Девяти лет отдана была я в няньки к попу, и тут впервые поколебалось во мне почтение к богу, ко господу, к «господину» всего людского. Поп тот, хозяин мой, был лютый пьяница и охальник, бил свою попадью, прижил на стороне, с просвирней, ребенка и часто, разбушевавшись, крыл черным словом всех великомучеников.
Эх, и хватила же я у того попа горя! Сверстники мои жеребятами при родителях резвятся, а я, как окаянная, вечно в трудах: то белье детское постирай, то с кухаркой на речку съезди, то полы помой да убери скотину.
Сбежала я! Мать сколько-то дней угощала пинками меня и плакала, а потом сжалилась, гнев свой на попа повернула и даже в школу меня пустила. Захлебываясь, твердила тут я аз-буки и уж книжку читать стала… Однако ж недолго ученье мое продолжалось. В конце второй зимы, великим постом, взял меня батька из школы.
– Что тебе, в лавке сидеть али писарем быть? – говорил он. – Садись, девка, с матерью за куделю…
Поплакала я, села за пряжу, а там, чуть приобсохли дороги, отвел меня батенька в подмосковное село, в Семиполье, на поденщину.
Жители тамошние – староверы. Бог у них, как гляжу я теперь, обстоятельный был, крутой да хозяйственный, вовсе не похожий на поповского. У поповского жадность с разгулом уживалась, а тут только знай, что рупь на рупь в рундуки спускай… Оттого и свечки у кивотов Семиполья куда как толще нашенских, а жеребцы во дворе лютее и крепче.
Сразу невзлюбила я хозяев своих.

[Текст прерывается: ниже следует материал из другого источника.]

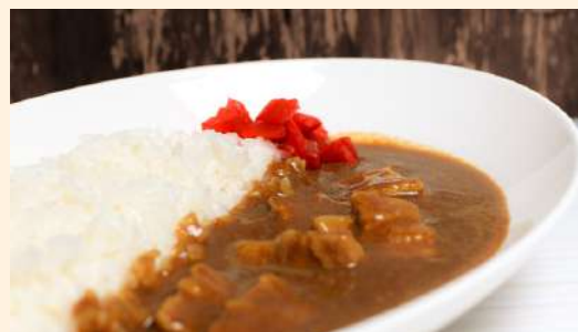
ポークカレー Pork curry / 豬肉咖喱 ¥800 ハーフ(Half Size)… ¥550-

* 定食：ご飯・味噌汁・小鉢付き / * Set meals : Comes with rice, miso soup, and a small side dish / * 套餐：附米飯、味噌湯、小菜 *
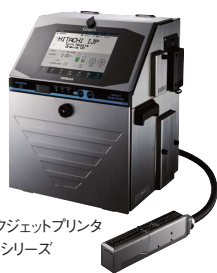
産業用インクジェットプリンタ Gravis UX シリーズ

Глаза хоть взять: этакие у всех ясные да умильные, ребячьи какие-то… А на сердце – что у бабы, что у мужика – булыжник. Скажет ежели старший, бородищей тряхнет: «Уходи, господня раба, не нужна ты нам», – баста! Тут уж хоть криком у ворот изойди, не впустят.
Ух, как ненавидела я их, а терпела. В поле, в садах – как каторжная. В будни и в праздники, в погоду и в ненастье – одна честь…
Бегала урывками за село на свалку я, копалась в назёме, собирала медянку, медные всякие обломки, платили тогда за фунт добра этого гривенник… Так что же? Проведал хозяин, всю выручку у меня отобрал. «На нашей, – говорит, – добывала земле…»
Каждое лето, четыре года подряд, выколачивала я в Семиполье по полсотне рублей, и отец за сорок верст приходил ко мне под осень за моим заработком.
Кажется, с тех самых пор научилась я ненавидеть деньги: через деньги, думалось мне, не живу я под родительской кровлей, через деньги стала я с детских лет вьючной скотиной, через деньги и отца своего родного разлюбила.
Помню, как бы даже обрадовалась я, когда не пришел он на пятую осень в Семиполье. Узнала потом, что сорвал на мельнице живот себе, полежал дома с неделю – преставился.
«Царствие, – думаю, – ему небесное, а я больше Семиполью не слуга».
Совсем было решилась уйти домой, да вдруг припожаловала мать моя самолично, сколько-то часов ревела, ласкалась, на нужду нашу жаловалась. И осталась опять я у своих богомольных хозяев на всю зиму.
Вот уж зима была! А к весне еще хуже мне стало… Встанешь, бывало, в три часа ночи – и прямо на свалку: за навозом для пашни. В поле мороз, в небушке звезды сосулями, а тут знай отгребай снега, навоз добывай, кидай наружу к саням. Выроешь этак ему саженей на пять в длину, аршина на два в глубину, и там вот на днище, как в чертовой шахте, буравишь под фонарем лопатой. А на ветер вылезешь, вонь от тебя, и на кого только похожа! Вся-то в навозе, пот льет ручьями, руки в кровавых подтеках.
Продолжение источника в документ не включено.